How homebuyers end up with a short sale or foreclosed home

If you’re in the market for a home, you may have come across a home that is foreclosing or in the short sale part of the process. There used to be many more of these on the market a few years back and fortunately, families are doing better today with fewer default notices and bank repossessions taking place. if you do happen to find one, it could end up being a great deal for you as a buyer.

Start by working with an agent that is willing to look for these types of properties knowing that you are looking for a good deal. You can usually find an agent that specializes in finding these properties and selling them.

Is it advantageous for me to buy a foreclosing home?

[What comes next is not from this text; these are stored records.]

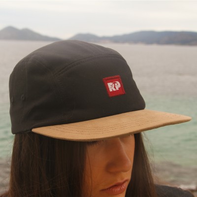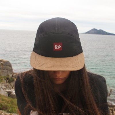 Gorra en color negro y marrón con el logo de Rompiente.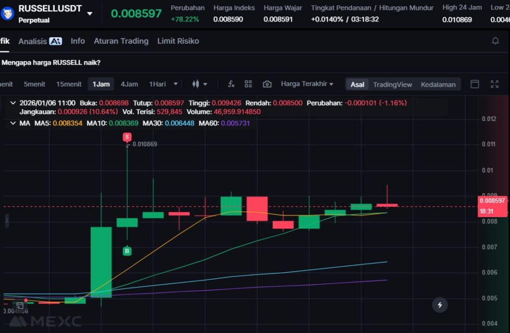 RUSSELL memimpin daftar penguatan hari ini dengan lonjakan +83.80% ke harga $0.0087. Kenaikan setajam ini biasanya menandakan momentum yang sangat kuat, namun volatilitas juga cenderung meningkat sehingga pergerakan bisa cepat berubah.
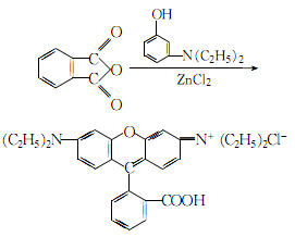 2.mix excess phthalic anhydride and m-hydroxy-n,n-diethylaniline and slowly heat to 100 ℃, then add an appropriate amount of newly roasted anhydrous zinc chloride as a dehydrating agent, and gradually increase the temperature with sufficient stirring to dehydrate while reacting: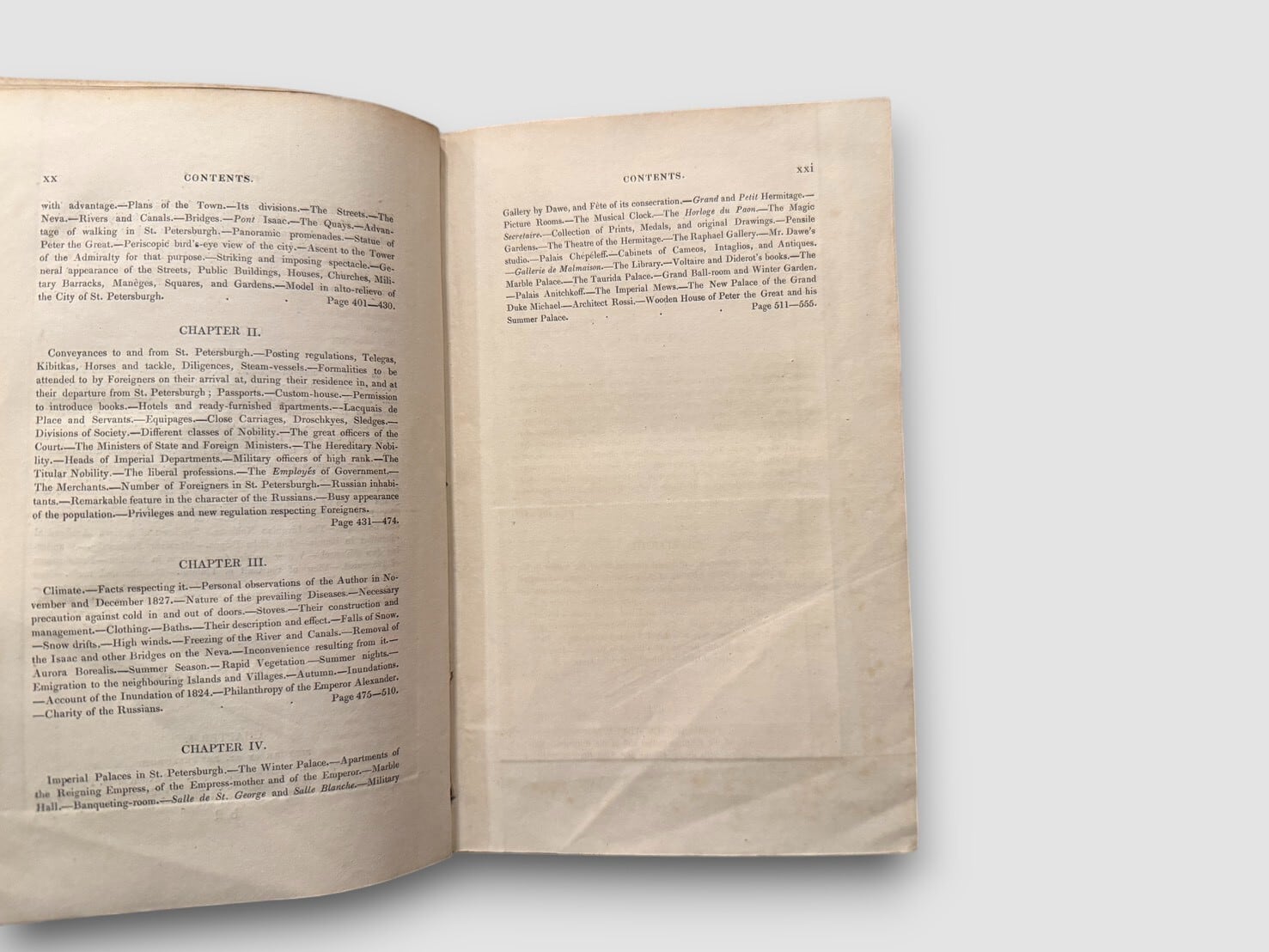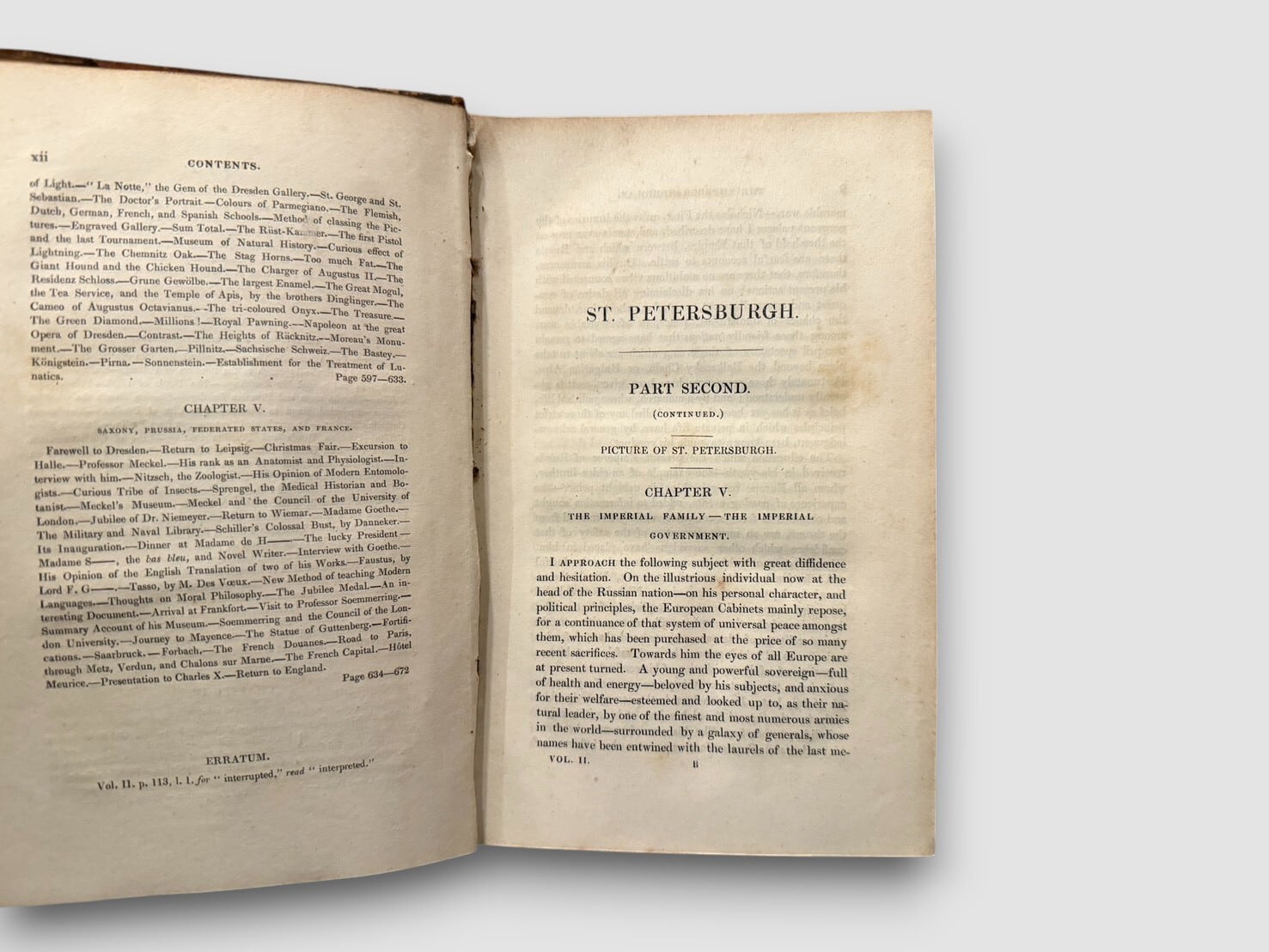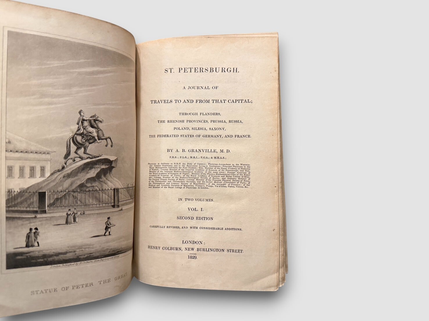 医師・旅行家として知られる A. B. Granville による、ロシア帝国の首都サンクトペテルブルクまでの旅と、同市の政治・文化・社会・科学・芸術についての詳細な観察を記した大部の旅行記。本書は 1829年刊行の第2版(Second Edition) で、初版に比べ「carefully revised, and with considerable additions」と明記されるように大幅な増補改訂が施されている。ヨーロッパ諸国を経由してロシアへ至る長大な旅の記録は、19世紀初頭の国際社会・都市文化・帝政ロシアの制度・科学教育・宮廷の様子などを多角的に描き出し、文化史・都市史・旅行文学のいずれの観点からも高い価値をもつ。全2巻本揃。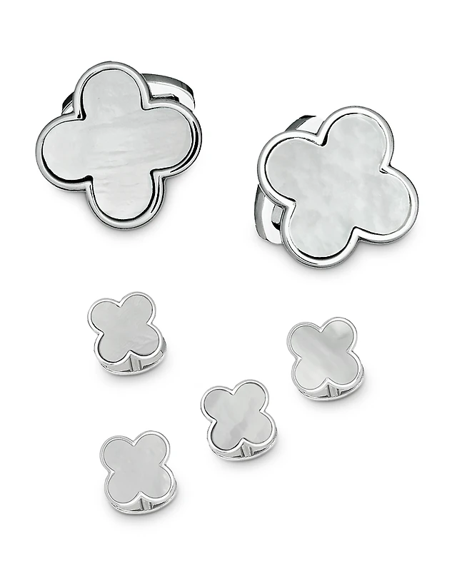 Jan Leslie Sterling Silver & Mother-of-Pearl Clover Stud Set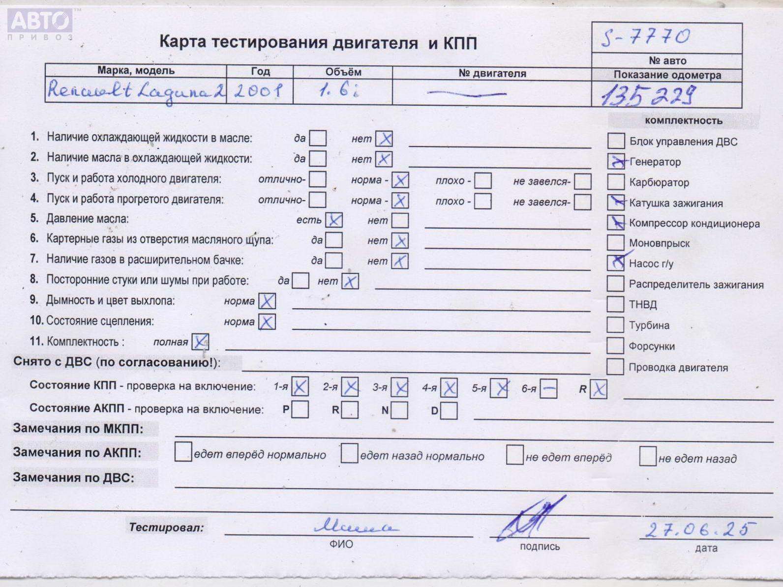 | Автомобиль / VIN: | S7770 VF1BG0A0525417820 |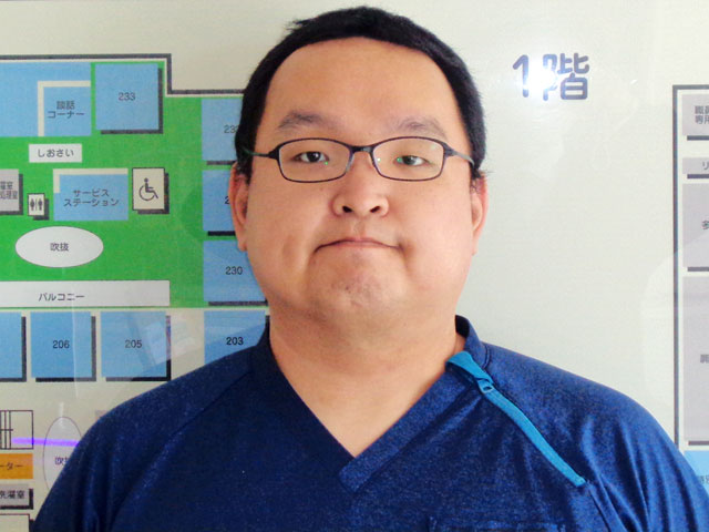 在宅復帰に向け、自立支援を行いADL(日常生活動作)の向上を図る為、介護職だけでなくリハビリ職は医療職とのチームケアに努めています。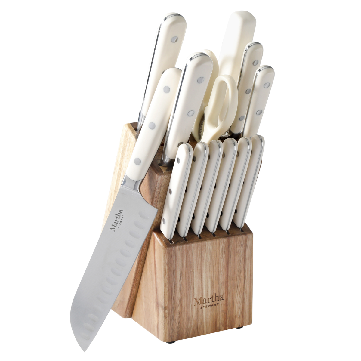 Elevate your kitchen with the Martha Stewart Eastwalk 14-Piece Cutlery Set, designed to combine modern style with everyday performance. Featuring durable stainless steel blades and ABS forged handles in a soft linen finish, this set delivers comfort, balance, and reliable cutting precision. The knives are neatly stored in a natural acacia wood block that adds warmth and elegance to any countertop. Perfect for daily meal prep or entertaining, this versatile cutlery set brings function and refined design together in one complete collection.

There are pros and cons to going this route in your home search. First off, the biggest advantage is that you’ll likely be able to score a better deal since they are often priced below retail and lower than comparable homes. This means that your mortgage will be lower than it would have been and you’ll owe less in interest on the entire loan.

This is also great for those that want to renovate or improve the home because it will be easy to build equity fast, which increases the net worth, and gives you the option of borrowing against the equity in the future. Don’t forget the fact that buying a short sale home means that you’ve saved the original owner from going into foreclosure, which is very harmful to their credit score.

Watch out for the other end as there are some downsides to going this way. You’ll likely end up with a home that needs renovations or repairs because if the owner couldn’t pay their monthly mortgage, they also probably weren’t handling the maintenance.

Find out before buying what you’ll be faced with if you become the owner since repairs can get expensive. It also could have vandalism while it was vacant which would add to your repairs, although it may be reflected in the actual price of the home anyway. You’ll have to decide if the savings in the short sale is worth it compared to the amount of money you’ll need to renovate.

There aren’t as many short sales and foreclosures out there, so when one becomes available, there may be heavy competition to snatch it up. In the case of a short sale, your seller may not be willing to negotiate since there is an outstanding mortgage balance to cover, but they may be more motivated to sell to someone else that isn’t trying to negotiate. In addition, be prepared for a lengthy closing timeframe up to 90 days since the original lender has to approve the sale.

If you’re up for the challenges that come with buying a home like this, it could benefit you greatly in the long run. That is a look at the difference between a short sale and a foreclosure, and what it means to buy one of these properties.